Taxonomy as ontology: opening up the debate

We have created a new mailing list, obo-taxonomy, under the OBO (Open Biomedical Ontologies) umbrella. Our motivation for this new forum is to really open up the discussion surrounding the issues of what should be a proper ontological representation of taxonomy and phylogeny, for example proper semantics of the relationship between taxonomic groups, and between specimens and species. If you care about or have thoughts or opinions on these and related questions, we encourage you to subscribe to this new list.

One of the key components in our efforts to code the evolutionary diversity of phenotypes in a semantically rich and explicit manner is to have species or higher-level taxa be terms from a logically consistent ontology. Eventually we will want to reason over taxonomy ontologies and entity-quality statements to infer the evolutionary change of phenotypes between different clades of fishes, and hence the semantics of a particular ontological representation of a taxonomy or phylogeny will have bearing on the kind of inferences we will be able to make. It will probably come as no surprise that we have since found ourselves discussing the issues and what they might mean for us in quite some depth (see for example Peter’s previous post on how we built the first version of the TTO, and our work in progress on the Taxonomic Rank Ontology).
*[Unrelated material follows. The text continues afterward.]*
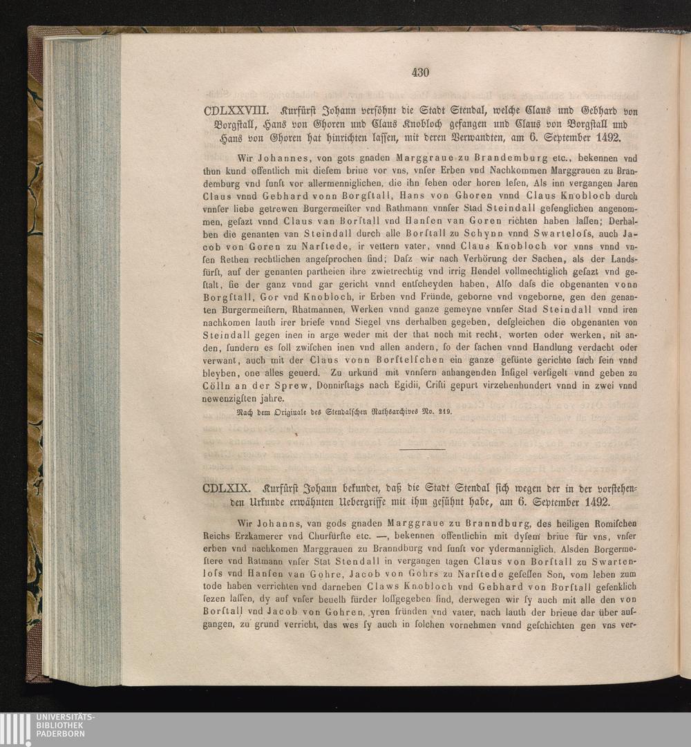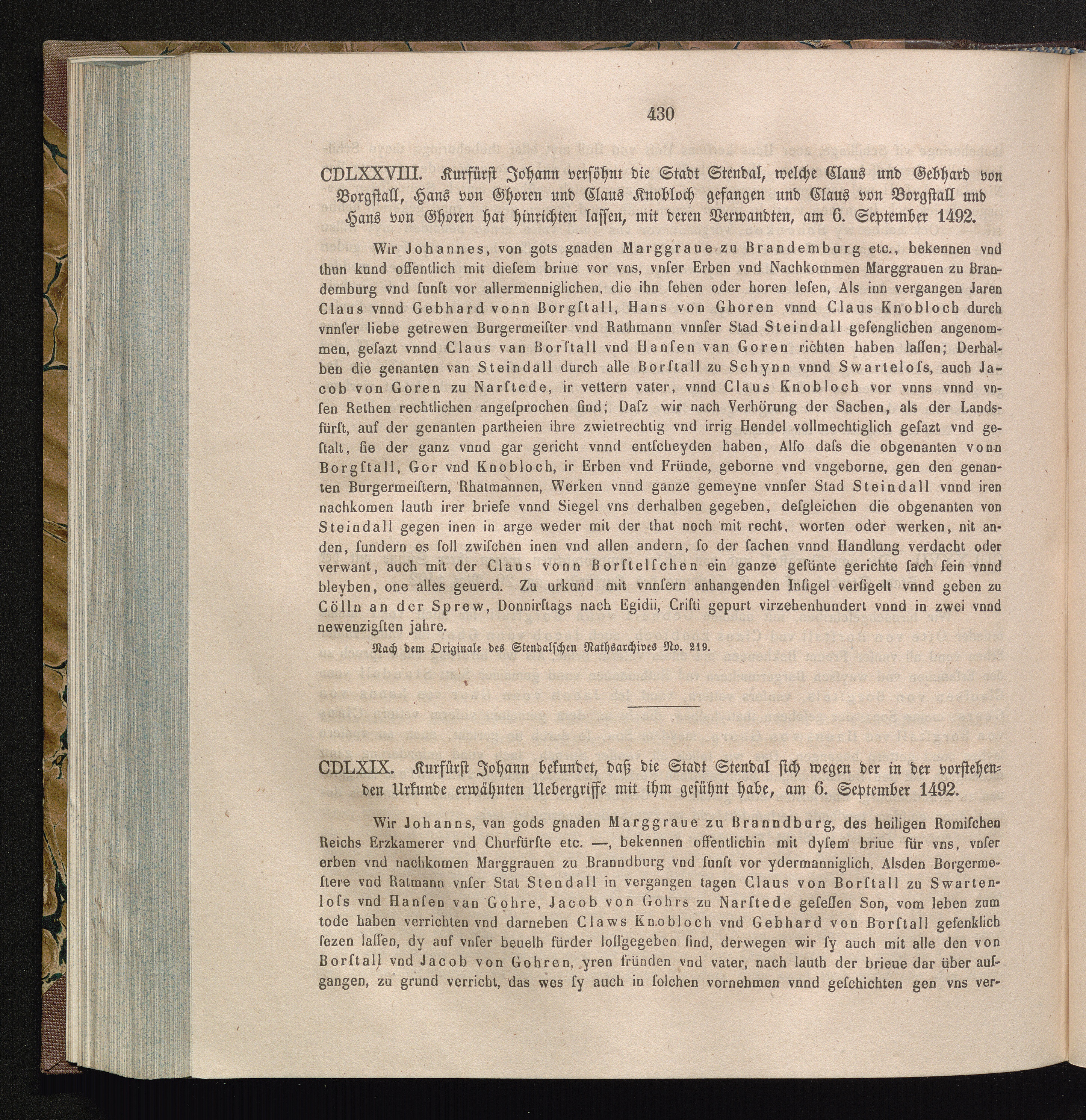 CDLXXIX. Kurfürst Johann bekundet, daß die Stadt Stendal sich wegen der in der vorstehenden[...]

It turns out that questions of using a hierarchical controlled vocabulary or ontology to denote the taxonomic species is coming up on an increasing basis in the contexts of annotating biological experiments, observations, comparative analyses, and results, and probably elsewhere too. In fact, creating this group was instigated by a conversation about the NCBI taxon ontology within the OBI (Ontology of Biomedical Investigations) Biomaterials group.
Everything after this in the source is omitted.